One Spyrican girl discovered that her world’s process of “soulmate” selection that pairs up everyone on the planet with his or her ideal partner did not match her with a Spyrican. Her soulmate was a boy on the planet that sent the probing beam. At the same time, when Reed Richards let his young future brother-in-law look at the info coming back through the beam, Johnny Storm had a feeling of spiritual and emotional kinship with someone on that distant planet, which gave him a sense of destiny awaiting him in space and motivated him to be a member of Reed’s space crew. The deliberate cosmic irradiation of the Spyrican people made that young girl the heroine called Sky. The accidental irradiation of Reed and his crew empowered Johnny as The Human Torch. Now The Fantastic Four have actually made it to Spyre, Sky has claimed Johnny as her destined mate—and Johnny isn’t exactly resisting.
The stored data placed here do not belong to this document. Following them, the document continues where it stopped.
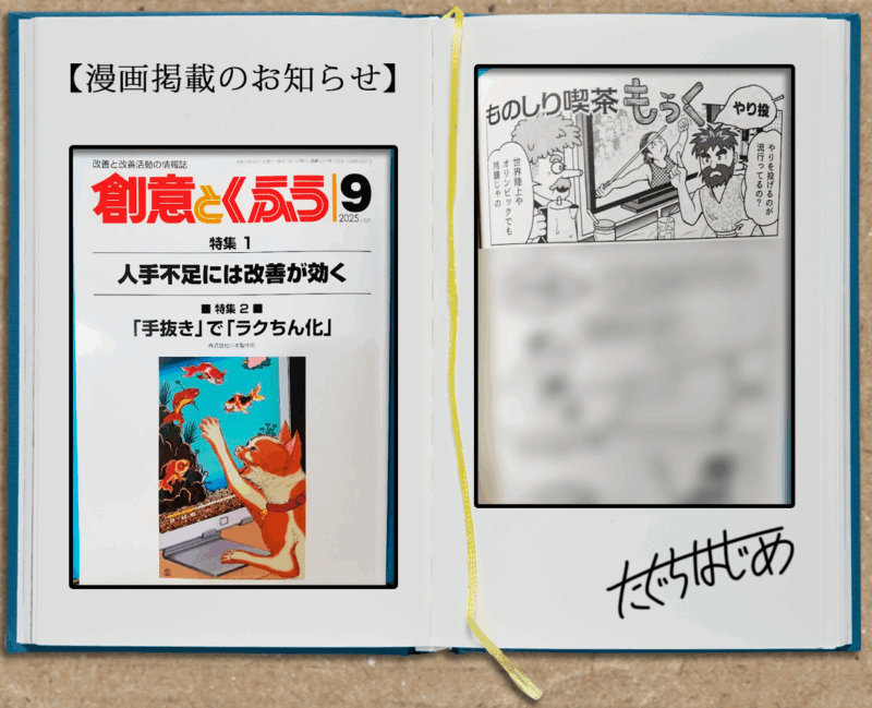 「創意とくふう」9月号に漫画が掲載! 2025年9月5日 情報月刊誌「創意とくふう」で連載中の雑学漫画「ものしり喫茶もっく」今回のネタは「やり投」です。 なるほど!へぇ!な4ページ、職場などで見かけましたら是非ご一読くださいませ♪(※一般の書店では流通していない本です)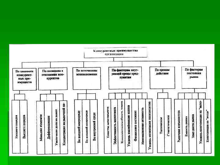 § Стратегическое преимущество – это фактор внешней или внутренней среды организации, который будет использован организацией в конкурентной борьбе в долгосрочный период – более одного года (например, наличие патента, имиджевой товарной марки, квалифицированных кадров и т. д. ).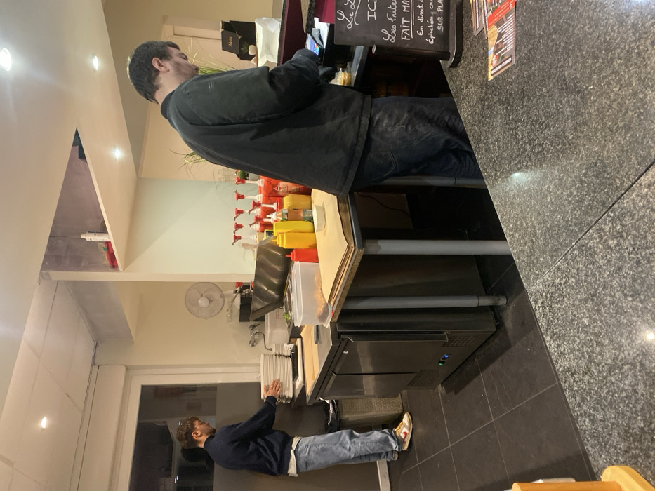 In a bright, tilted indoor setting, two people are visible. One, wearing a dark jacket and jeans, stands behind a food preparation counter, appearing to use a phone. The counter displays numerous condiment bottles. The second person, wearing a blue sweater and jeans, is near a window and a stack of paper items, possibly menus. A cooling unit and a fan are also visible behind the counter. The setting appears to be a restaurant or fast-food establishment.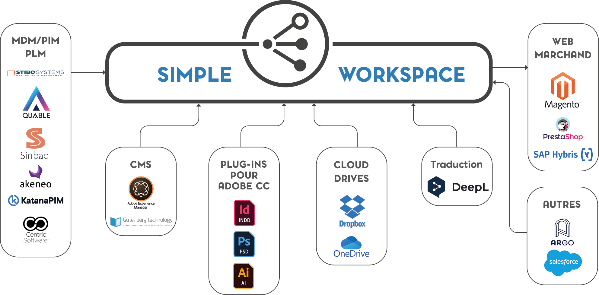 Que vous utilisiez un PIM pour la gestion produit, un PLM pour le suivi des collections, un ERP pour les prix, ou encore un CMS pour votre vos contenus éditoriaux, Simple Workspace est conçu pour agréger automatiquement les informations issues de toutes ces sources.

Meanwhile, Mr. Fantastic and The Invisible Woman confront the Overseer for what he’s done to his world in the name of a prophecy, and Reed doesn’t like it. Because of Reed’s defiance, the Overseer thus orders The Fantastic Four destroyed—but of course Reed and Sue don’t “destroy” that easily and they are soon sending up the “4” symbol to bring The Torch and The Thing to their side.
Meanwhile, The Thing is in “Lowtown,” battling a horde of five hundred monstrous mutations and clobbering them left and right, including their leader, Scrum, who may be intimidating to everyone else but is hardly a threat to someone who a couple of issues ago punched out The Hulk. Having whipped every mutation in sight, Bashful Ben is now ready to lead an uprising of the deformed and the grotesque against the Spyricans of “Hightown” above. And up in Hightown, things are starting to get romantic between Johnny and Sky. Just then, both Johnny and Ben see Reed and Sue’s signal, setting the stage for what is seeming very much like the impending fulfillment of a prophecy: for while the world of Spyre may think of itself as a “masterpiece”, they don’t know what they’ve done to their “canvas” by making enemies of The Fantastic Four. They are, however, about to find out…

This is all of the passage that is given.